YOUR TASK: Write out the whole listing exactly; no images belong in it.

DATA EXCERPT:
· · · ·
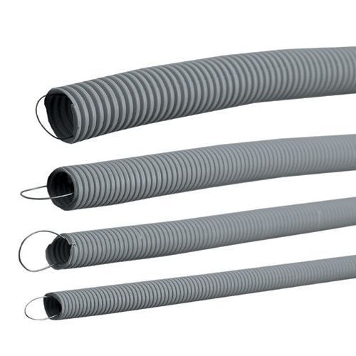 Труба выполнена из самозатухающего ПВХ серого цвета, что исключает возникновение пожаров при коротком замыкании. Материал, из которого сделаны трубы, является отличным диэлектриком.
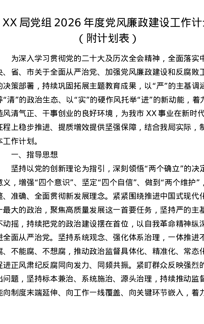 XX局党组2026年度党风廉政建设工作计划(附计划表)
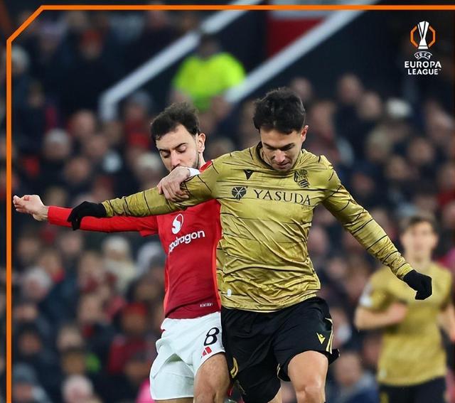 比赛开始后,皇家社会便打出喧宾夺主的气魄, 10 曼联在后场失球几分钟,在德里赫特防守的时候,埃卢斯通多右路横传,放下奥亚萨瓦尔,裁判在观看后判罚点球;后者点球稳定命中,0:1,总比分 1:2!幸运的是,曼联迅速做出了回应, 15 分钟,精确的卡塞米罗长传转移,B 在费反越位前插入无私横敲之前,霍依伦的抢分被苏贝尔迪亚放下,裁判也判给曼联点球;B 费用操刀命中,1:1,总比分 2:2!
· · · ·
EXERCISE SOLUTION:
 Труба выполнена из самозатухающего ПВХ серого цвета, что исключает возникновение пожаров при коротком замыкании. Материал, из которого сделаны трубы, является отличным диэлектриком.
 XX局党组2026年度党风廉政建设工作计划(附计划表)
 比赛开始后,皇家社会便打出喧宾夺主的气魄, 10 曼联在后场失球几分钟,在德里赫特防守的时候,埃卢斯通多右路横传,放下奥亚萨瓦尔,裁判在观看后判罚点球;后者点球稳定命中,0:1,总比分 1:2!幸运的是,曼联迅速做出了回应, 15 分钟,精确的卡塞米罗长传转移,B 在费反越位前插入无私横敲之前,霍依伦的抢分被苏贝尔迪亚放下,裁判也判给曼联点球;B 费用操刀命中,1:1,总比分 2:2!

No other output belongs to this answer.